There are language-specific ways to submit job arrays that may be more convenient than the bsub job array approach described here. For example, R users may wish to consider ClusterMQ or batchtools and Python users may find Dask-jobqueue more convenient.

It is often useful to split a big job up into many small pieces and run them all simultaneously.This allows you to spread the work out across multiple machines on the HBS Grid and can dramatically reduce the time needed for your computation. You can use bsub job arrays to submit multiple jobs simultaneously. For example, the following command creates a job array that runs Rscript run.R 100 times:

bsub -q short -J "myArray[1-100]" Rscript run.R

Important

Job arrays are powerful tools and you must take care to use them properly. It is easy to accidentally monopolize system resources, e.g., by running a large array of jobs that reserve more memory (via the -M argument) then they need. For example, if each of your 100 jobs reserves 20Gb of memory but only uses 10 you will have wasted 1Tb of memory. Please take care to avoid this by matching your resource reservation arguments to the actual resources needed by your program.

Often you will want each job in the array to process a different file or use a different parameter value. For this purpose LSF sets the LSB_JOBINDEX environment variable to the job array index (1-100 in the example above).
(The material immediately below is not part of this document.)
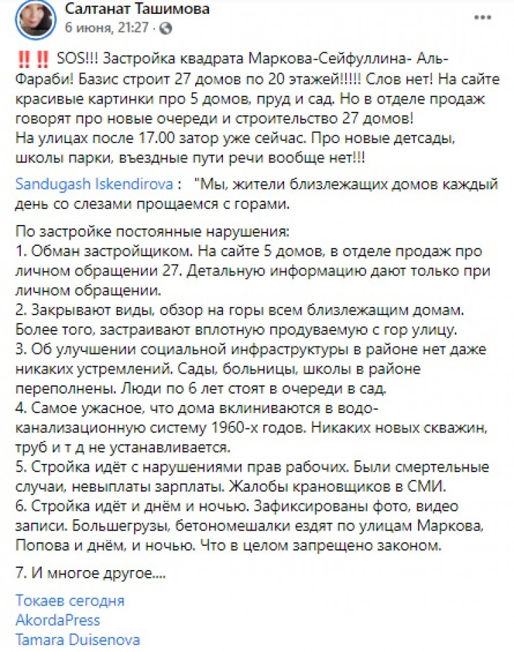 Речь идет о жилом комплексе, который возводится в квадрате улиц Маркова-Сейфуллина-Аль-Фараби-Попова. Экоактивист Салтанат Ташимова заявила на своей странице в Facebook о том, что застройщик нарушает не только правила застройки, но и обманывает горожан.

In this case your program (run.R in the example above) should retrieve this environment variable and use it to determine the correct inputs or parameter values.

For more details refer to the LSF job array documentation.

Monitor & troubleshoot

A variety of problems can arise when running jobs and applications on the HBSGrid. LSF provides command-line tools to monitor and inspect your jobs to help you figure out if something goes wrong:

  • bjobs lists your running jobs
  • bhist -a lists your recent jobs
  • bjobs -l <JOBID> gives details about running job <JOBID>
  • bhist -l <JOBID> gives details about job <JOBID>

For more detailed troubleshooting help refer to the troubleshooting documentation.